Peler et émincer les oignons, écraser au pilon les gousses d’ail.

Dans un faitout à fond épais, faire revenir les oignons dans deux cuillères à soupe d’huile d’olive avec les épices jusqu’à ce qu’ils soient légèrement dorés et tendres. Les épices vont rôtir également et exhaler leurs parfums. Ajouter alors l’ail, les tomates grossièrement hachées au couteau. Bien mélanger à l’aide d’une cuillère en bois et laisser compoter pendant une quinzaine de minutes à découvert. Ajouter le bouquet de thym, saler légèrement, puis verser alors à hauteur de l’eau de source bouillante. Couvrir et laisser cuire à feu doux et à couvert pendant une demi-heure, puis, une dizaine de minutes sans couvercle pour permettre à la soupe d'épaissir.

SAM_3184

Au bout de ce temps, passer l’ensemble au moulin à légumes (ou au mixeur plongeant).

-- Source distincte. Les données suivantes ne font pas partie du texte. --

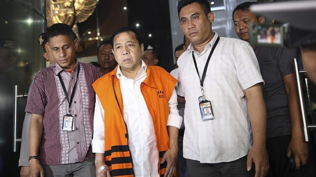Jakarta Globe gazetesinin haberine göre, Yolsuzluk Mücadele Kurumu (KPK), elektronik kimlik kartı (e-KTP) projesine sağlanan kamu fonunda adı 170 milyon dolarlık yolsuzluk iddialarına karışan Temsilciler Meclisi Başkanı Setya Novanto'yu sorgulamak üzere gözaltına aldı.
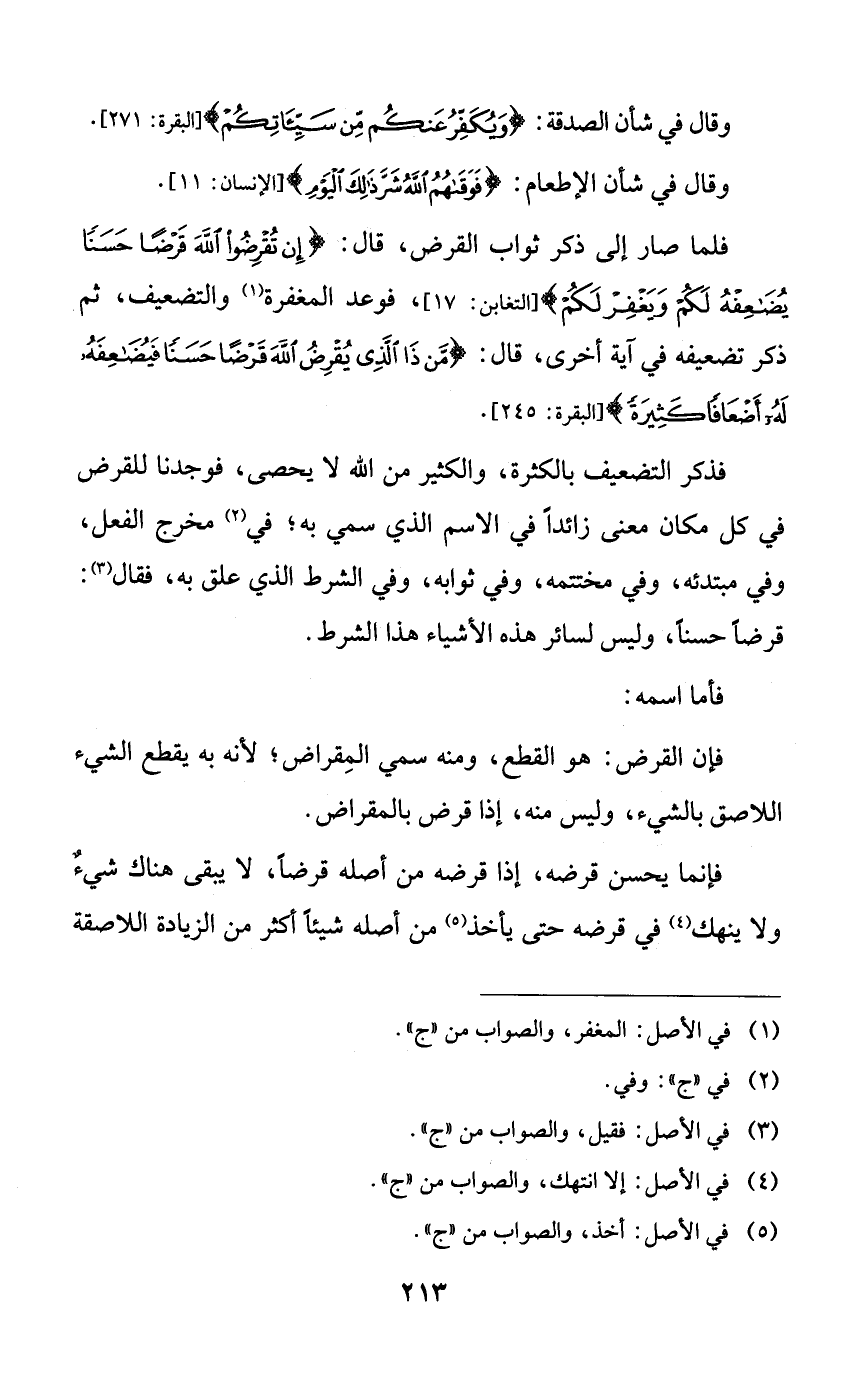 فذكر التضعيف بالكثرة، والكثير من الله لا يحصى، فوجدنا للقرض في كل مكان معنى زائداً في الاسم الذي سمي به؛ في مخرج الفعل، وفي مبتدئه، وفي مختتمه، وفي ثوابه، وفي الشرط الذي علق به، فقال: قرضاً حسناً، وليس لسائر هذه الأشياء هذا الشرط.
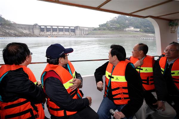 由於旱象未見舒緩,馬英九總統今(7)日下午由經濟部長鄧振中等陪同視察石門水庫水情,實地瞭解北部地區供水情勢及抗旱措施。
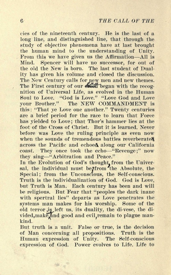 of the nineteenth century. He is the last of a long line, and distinguished line, that through the study of objective phenomena have at last brought the human mind to the understanding of Unity. From this we have given us the Affirmation—All is Mind. Spencer will have no successor, for out of the old the New is born. The last student of Duality has given his volume and closed the discussion. The New Century calls for new men and new themes. The First century of our 4 e egan with the recognition of Universal Life, as evolved in the Human Soul to Love. "God is Love." "Love God and Love your Brother." The NEW COMMANDMENT is this: "That ye Love one another." Twenty centuries are a brief period for the race to learn that Force has yielded to Love; that Thor's hammer lies at the foot of the Cross of Christ. But it is learned. Never before was Love the ruling principle as even now when the sounds of tremendous battles reverberate across the Pacific and echoed, along our California coast. They once took the echo—"Revenge;" now they sing—"Arbitration and Peace."
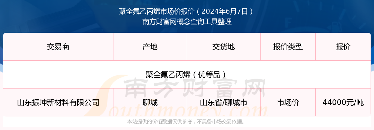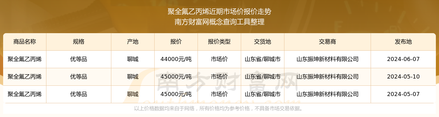 2024年6月7日,山東振坤新材料有限公司聚全氟乙丙烯(優(yōu)等品),聊城,交易地點(diǎn)為山東省/聊城市,市場(chǎng)價(jià)報(bào)價(jià)為44000.00元/噸。
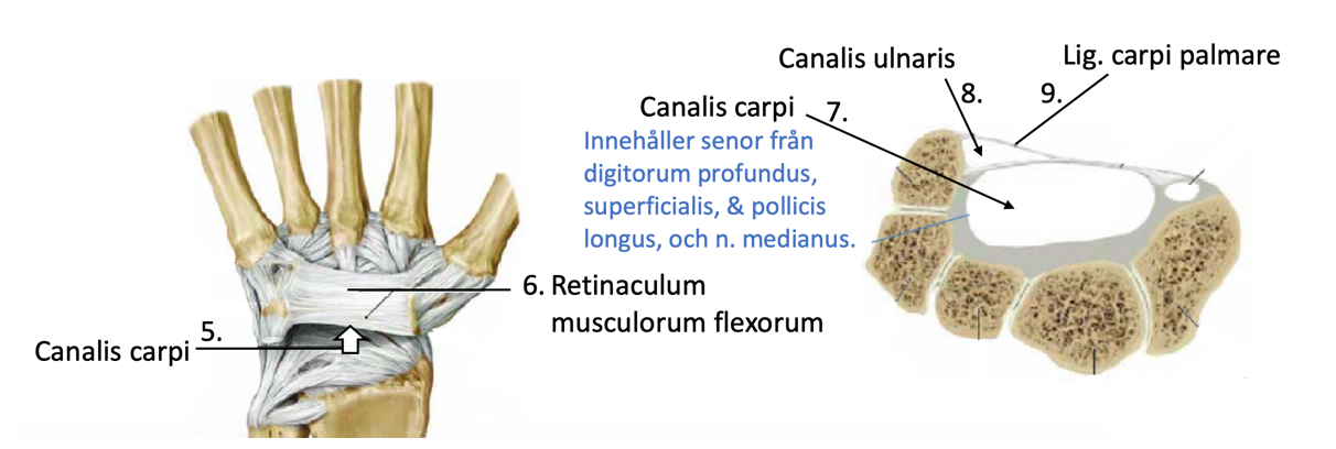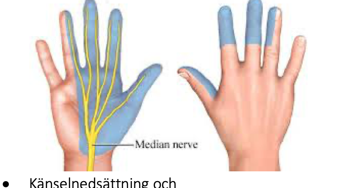 P.g.a. trängsel i karpaltunneln komprimeras n. medianus.
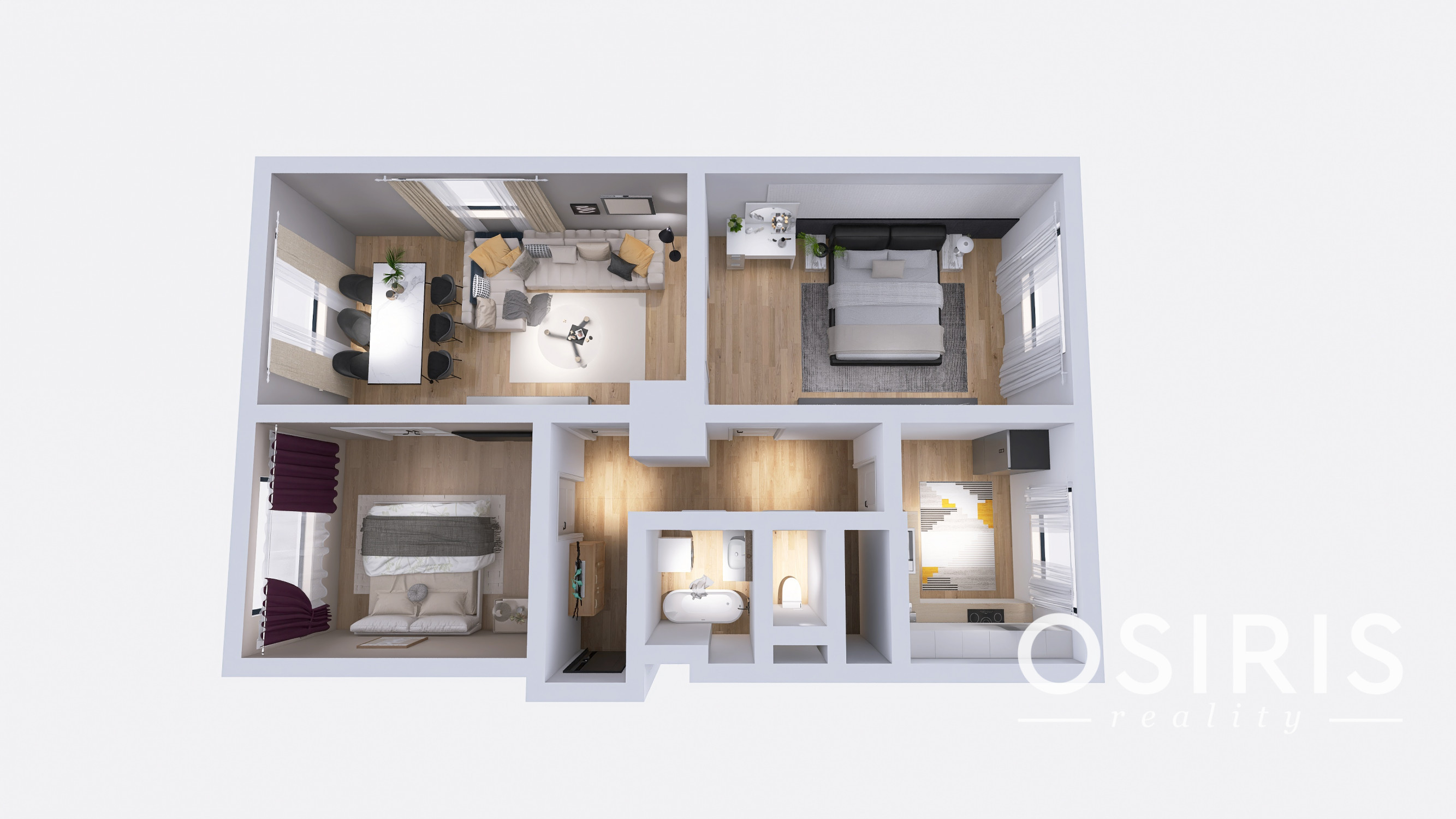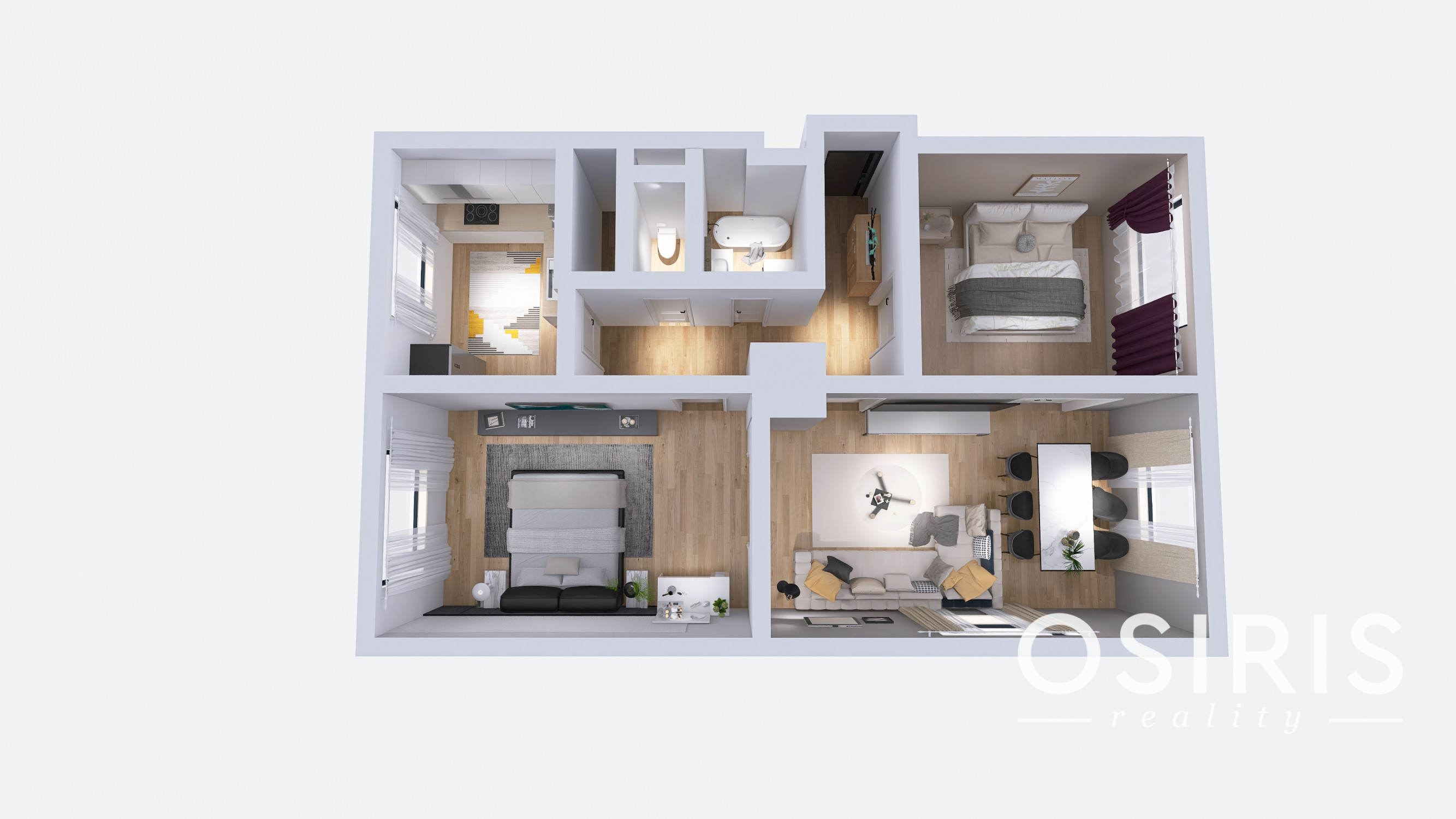 Tri samostatné nepriechodné izby,kuchyňa, kúpeľňa, WC, šatník-sklad.
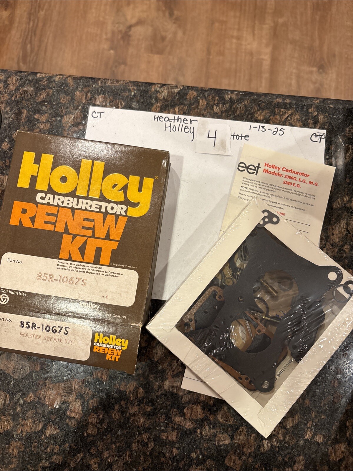 The product is a Holley Renew Kit (Part number 85R-1067S) designed for specific carburetor models including 2300G, EG, MG, and 2380EG. This kit includes essential parts for rebuilding and refreshing these carburetors, ensuring optimal performance and efficiency. With the Holley brand known for quality automotive parts, this Renew Kit is a reliable choice for maintaining and servicing carburetors in various car and truck models.
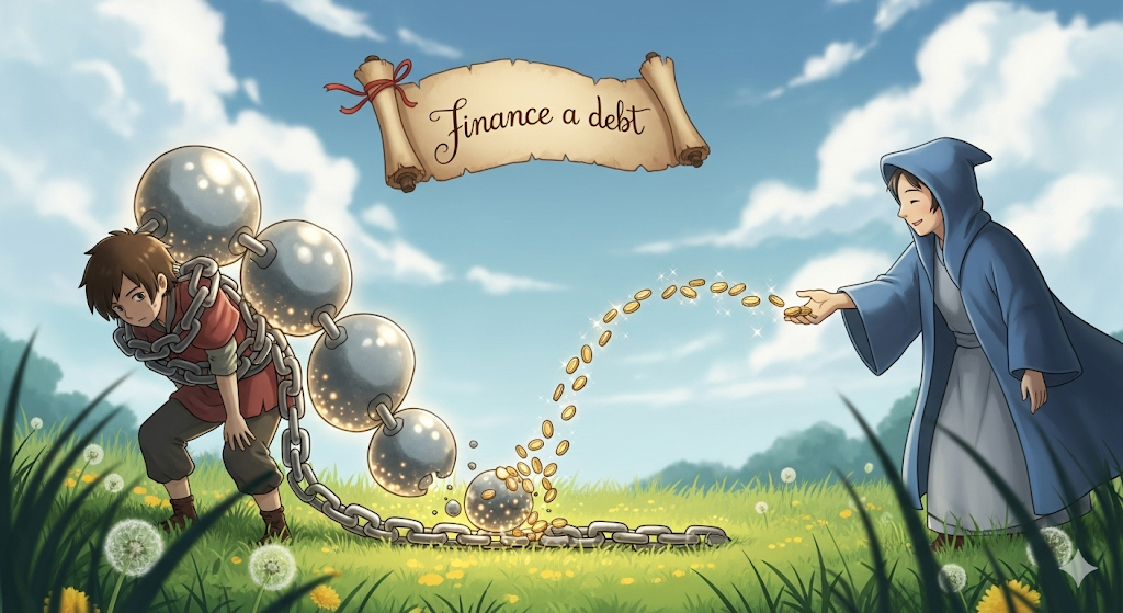이미 발생했거나 발생할 예정인 '빚'(debt)이나 '채무'를 갚거나 재조정하기 위해 '추가적인 돈'(finance)을 '새로 마련하는 **행위'**를 의미합니다. '채무 상환을 위한 자금 **조달'**에 초점이 맞추어져 있으며, 종종 '새로운 **대출'**을 의미합니다.

Servir très chaud en versant une belle louchée de velouté sur une poignée d’aromatiques en mélange ciselées. Pour les amateurs d’aventure, ajouter une cuillère d’harissa maison au piment de Cayenne.

S’assoir au bord de la rivière, au pied du kanndi, et profiter du soleil couchant en sirotant ce velouté brûlant et parfumé.